GROMACS configuration

  • Don’t use double precision unless you’re absolute sure you need it.
  • Compile the FFTW library (yourself) with the correct flags on x86 (in most cases, the correct flags are automatically configured).
  • On x86, use gcc or icc as the compiler (not pgi or the Cray compiler).
  • On POWER, use gcc instead of IBM’s xlc.
  • Use a new compiler version, especially for gcc (e.g. from version 5 to 6 the performance of the compiled code improved a lot).
  • MPI library: OpenMPI usually has good performance and causes little trouble.
  • Make sure your compiler supports OpenMP (some versions of Clang don’t).
  • If you have GPUs that support either CUDA or OpenCL, use them.
    • Configure with -DGMX_GPU=ON (add -DGMX_USE_OPENCL=ON for OpenCL).
    • For CUDA, use the newest CUDA available for your GPU to take advantage of the latest performance enhancements.
    • Use a recent GPU driver.
    • Make sure you use an gmx mdrun with GMX_SIMD appropriate for the CPU architecture; the log file will contain a warning note if suboptimal setting is used. However, prefer AVX2` over ``AVX512 in GPU or highly parallel MPI runs (for more information see the intra-core parallelization information).
    • If compiling on a cluster head node, make sure that GMX_SIMD is appropriate for the compute nodes.

Run setup

  • For an approximately spherical solute, use a rhombic dodecahedron unit cell.
  • When using a time-step of 2 fs, use constraints=h-bonds (and not constraints=all-bonds), since this is faster, especially with GPUs, and most force fields have been parametrized with only bonds involving hydrogens constrained.
  • You can increase the time-step to 4 or 5 fs when using virtual interaction sites (gmx pdb2gmx -vsite h).
  • For massively parallel runs with PME, you might need to try different numbers of PME ranks (gmx mdrun -npme ???) to achieve best performance; gmx tune_pme can help automate this search.
  • For massively parallel runs (also gmx mdrun -multidir), or with a slow network, global communication can become a bottleneck and you can reduce it by choosing larger periods for algorithms such as temperature and pressure coupling).
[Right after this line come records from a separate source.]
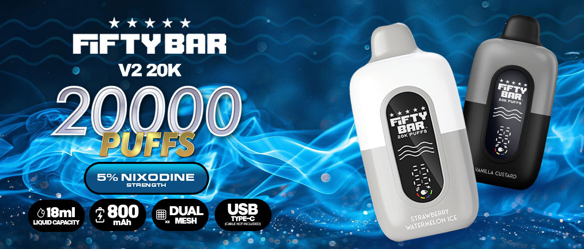 Presenting the Fifty Bar 20K Nixodine Disposable vape, which delivers approximately 20,000 puffs from its massive 18ml liquid capacity. This high-puff disposable vape features a rechargeable battery via USB Type-C, adjustable airflow for personalized draws, and AA boost mode for consistent power. Constructed for durability, the Fifty Bar 20K puf vape provides a vape-while-charging feature and top-notch anti-burn technology, all packed in a beautiful, ergonomic design. Here are the best features of the Fifty Bar vape: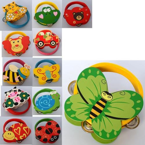 Дерев'яна іграшка Бубен MD 2477 (50шт) мікс видів (тварина, транспорт, комаха), в кульку, 14-14-4см (шт.)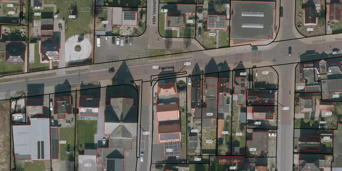 Foarwei 95 is gelegen op kadastraal perceel WTG01E5516. Deze kadastrale aanduiding is uniek en wordt gebruikt door het Kadaster om eigendomsrechten en andere zakelijke rechten vast te leggen. Het perceel maakt onderdeel uit van de kadastrale gemeente Westergeest.

Checking and improving performance

  • Look at the end of the md.log file to see the performance and the cycle counters and wall-clock time for different parts of the MD calculation. The PP/PME load ratio is also printed, with a warning when a lot of performance is lost due to imbalance.
  • Adjust the number of PME ranks and/or the cut-off and PME grid-spacing when there is a large PP/PME imbalance. Note that even with a small reported imbalance, the automated PME-tuning might have reduced the initial imbalance. You could still gain performance by changing the mdp parameters or increasing the number of PME ranks.
  • If the neighbor searching takes a lot of time, increase nstlist. If a Verlet buffer tolerance is used, this is done automatically by gmx mdrun and the pair-list buffer is increased to keep the energy drift constant.
    • If Comm. energies takes a lot of time (a note will be printed in the log file), increase nstcalcenergy.
    • If all communication takes a lot of time, you might be running on too many cores, or you could try running combined MPI/OpenMP parallelization with 2 or 4 OpenMP threads per MPI process.